75% of S. Korea’s key imports come from China, analysis shows

Posted on : 2022-05-31 17:10 KST Modified on : 2022-05-31 17:10 KST
The report's author proposed establishing a monitoring system for key imports to prevent supply crises
Shipping containers fill a yard in Busan Port in this undated photo. (Yonhap News)
Shipping containers fill a yard in Busan Port in this undated photo. (Yonhap News)

In its trade with the US, China, and Japan, South Korea relies on imports from China for three-quarters of key items that account for a large portion of import dollar value, an analysis shows.

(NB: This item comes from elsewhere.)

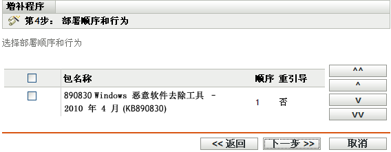 使用“部署更新向导”的“部署顺序和行为”页,可以设置每个部署日程安排的顺序和行为。安排所选增补程序的部署的第四步,是设置所选增补程序的部署顺序和行为。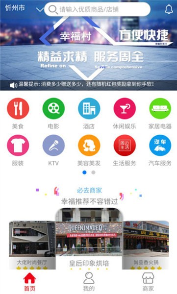 幸福村app是一款好用省钱的电子商城,利用该软件的精准定位而准确的向用户提供自己的周边的好商店,例如您所在城市的美食、电影、酒店、休闲娱乐、家具电器、服装等周边的线上消费,更好的让消费者寻找到所需要的信息,并会提供周围商家的与用户的距离、详细地址、评分、电话、店面图等资料,同时通过幸福村app消费还有随机红包奖励可以拿,欢迎有兴趣的用户们免费下载体验。

According to an analysis published Monday on a study carried out by Chonbuk National University professor Choi Nam-suk at the request of the Federation of Korean Industries, 172 out of 228 items (75.5%) considered to be “key imports requiring management” originated in China.

Japan represented another 32 (14.0%), while the US accounted for 24 (10.5%).

For the report, the category of “key imports” was assigned to 228 items where South Korea relies on three countries — the US, China, or Japan — for over 90% of imports, and which rank in the top 30% in terms of import dollar value.

Some of the key import items produced in China include electronics, machinery/computers, steel, organic and inorganic compounds, glass, medical products, and industrial raw materials such as non-ferrous metals.

Prominent examples of Chinese imports include manganese, which is critical for steel manufacturing; graphite, which is an essential electric vehicle battery anode material; and magnesium, which is important for lightweight automobile production.

Key imports from Japan include electronics, machinery/computers, plastics, and organic compounds for electronics. Some of the Japanese-made items requiring management include polyimide film, which is used for foldable displays, and machinery and spraying equipment for processing semiconductor wafers.

Key imports from the US include petroleum/coal, aircraft, electronics, fruit, and machinery/computers.

Identifying 133 items as having global supply chain stability vulnerabilities with high volumes of transactions between companies, the report called for the establishment of an early warning management system for them. Chinese-made items accounted for 127 of them, or 95.4%, including tungsten oxide (used in semiconductors), calcium chloride, graphics cards, solar cell modules, and pesticide ingredients.

“Failure to manage supply and demand for key import items could result in supply crises erupting at any time, as witnessed with the urea water solution situation,” Choi said.

“An ongoing monitoring system will need to be established for the 228 items, along with measures such as import diversification,” he added.